Growing up, I was surrounded by
books. Books on shelves! They were my father’s books. Not just any
books––they were books of great literature: mostly novels and poetry. A
little history, philosophy, drama, humor. They seemed somehow sacred to
me. I would look at them a lot. See my dad reading them. As I got older I
would sometimes take one down (carefully!) and open it. Ah, the smell! I
marveled at their bindings. The design of the pages. The typefaces (not
fonts!). I would read the colophons. The novels I didn’t read. I felt
that I somehow had to EARN them. I did sneak in a few of the poems from
time to time. Rilke. Yeats. Ted Hughes. Berryman. Robert Lowell.
Kinnell. Bly. Judith Minty! I knew that there were vast
worlds––universes––in those books.
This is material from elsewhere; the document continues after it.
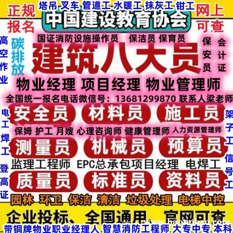 建筑类常报八大员:施工员,安全员报名咨询梁老师,资料员,材料员报名咨询梁老师,监理员,测量员报名咨询梁老师,质量员,预算员报名咨询梁老师,合同员,ji械员报名咨询梁老师,还有监理工程师合格证, 联系我时,请说是在好推宝看到的,谢谢!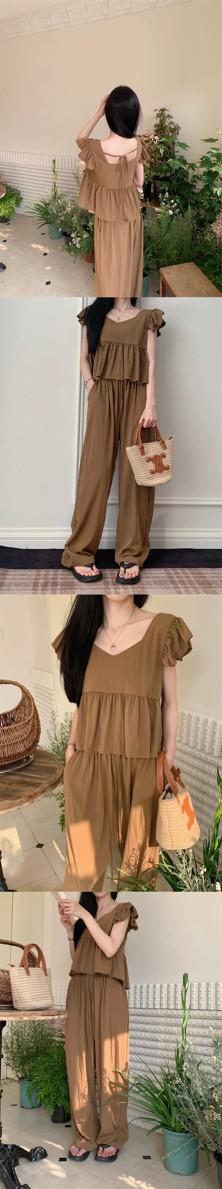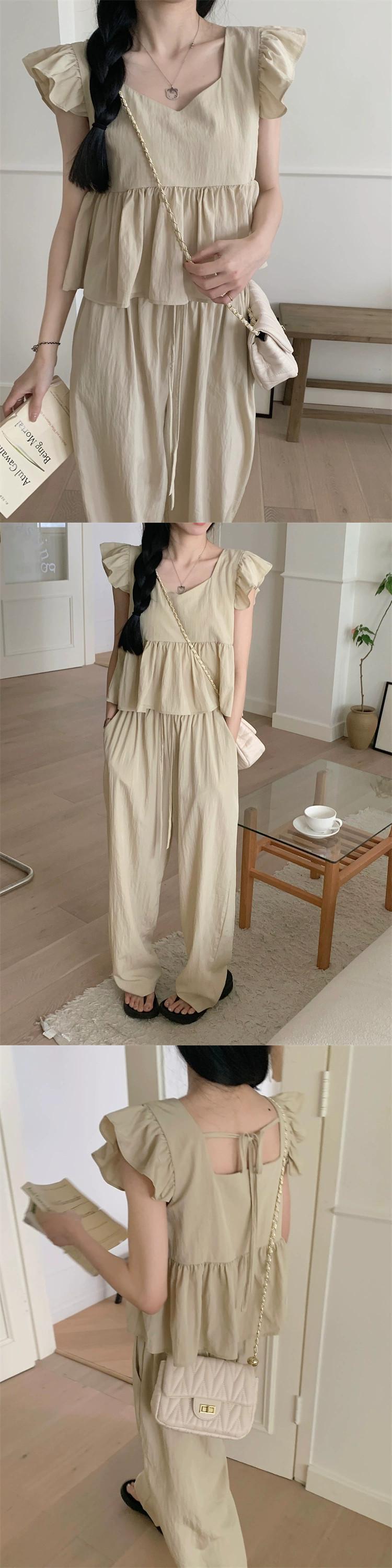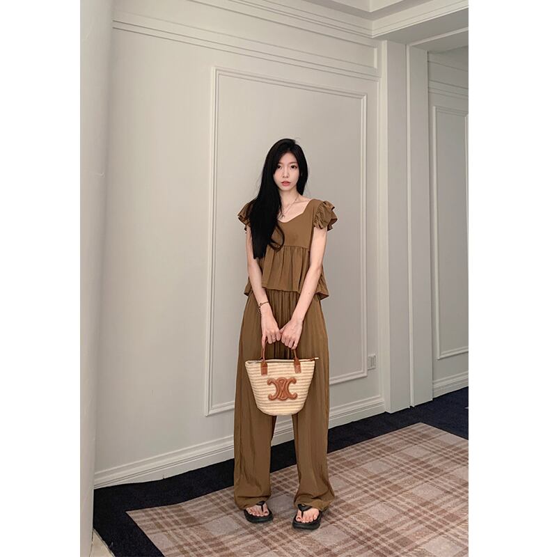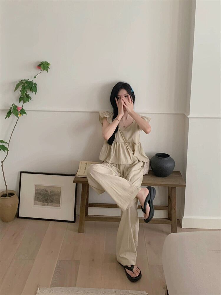 センス年齢軽減 V ネックフライスリーブシャツトップハイウエストワイドレッグカジュアルパンツ女性の夏の新しいファッションスーツ ハイウェスト サマー 夏物 Vネック missk90667607890

More wisdom. More mind-expanding
erudition than any drug could provide. Even without reading them at an
early age, they were physically and tangibly within my reach. And I
eventually did. Am still reading them. No academic or institution could
have led me into such rich terrain. No. I was surrounded by books. My
father read them.
8. Do you prefer writing in the day or at night?
I prefer writing whenever I can. If I am
driving and a good line comes to me I need to write it down immediately.
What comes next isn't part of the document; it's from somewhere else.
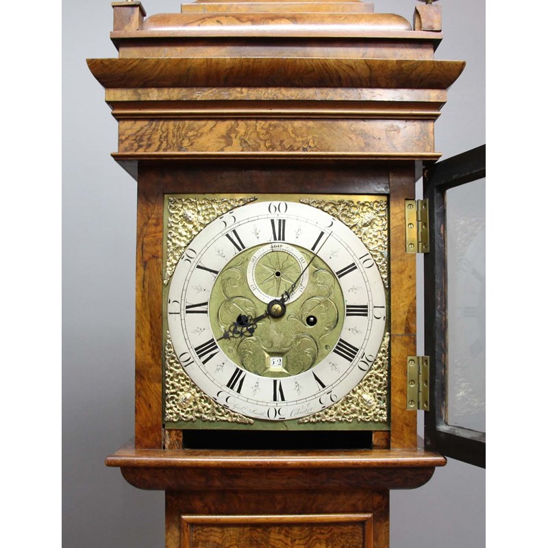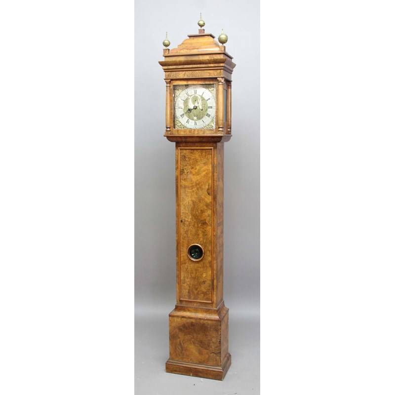 the brass dial with a 10 1/4" silvered chapter ring, subsidiary seconds dial and date aperture, inscribed Gab. Smith, Chester, on a replacement brass, four pillar movement, the caddy top above a square glazed door flanked by columns, the trunk with a rectangular door and circular lenticle, height including orbs 235cm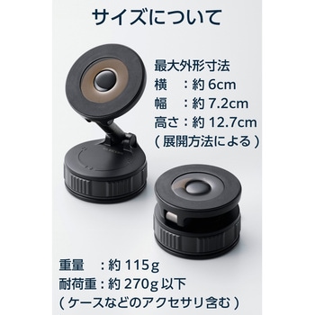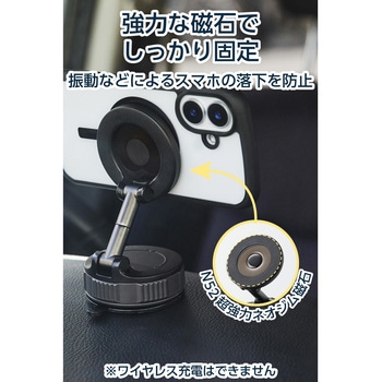 ドライブをもっと快適に。車のダッシュボードに簡単に取り付けられるスマホホルダーです。N52超強力ネオジム磁石でスマートフォンをしっかり固定し、運転中の振動や急ブレーキでも落下を防止。ダイヤルを回して真空状態にすることで浅めのシボ面にも強力に吸着できるゲル吸盤タイプです。使わないときは邪魔にならないよう、折りたたんでコンパクトに収納できます。

This is a dangerous practice and I don’t recommend it to anyone. Poems,
or ideas for poems, do not come easily. I snatch them up greedily
whenever they appear.
9. What’s your favorite poem in Folly?
That’s like asking which of your
children is your favorite. I enjoy the response I get when I read “In
the Parking Lot of the Dry Cleaners” or “Never-Never Land” or “Etc.
Etc.”
10. What was your inspiration for the poem, “The Young Girl”?
“The Young Girl”, along with other poems like
“Never-Never Land”, “Toes”, “Country Mark,” “Auto Repair Shop”, etc. are
simply anecdotal. They are accounts of what I have witnessed by being
in a certain place at a certain time and paying attention to the
intricacies of the moment. This is my favorite kind of poem––one that
doesn’t try to theorize or pontificate.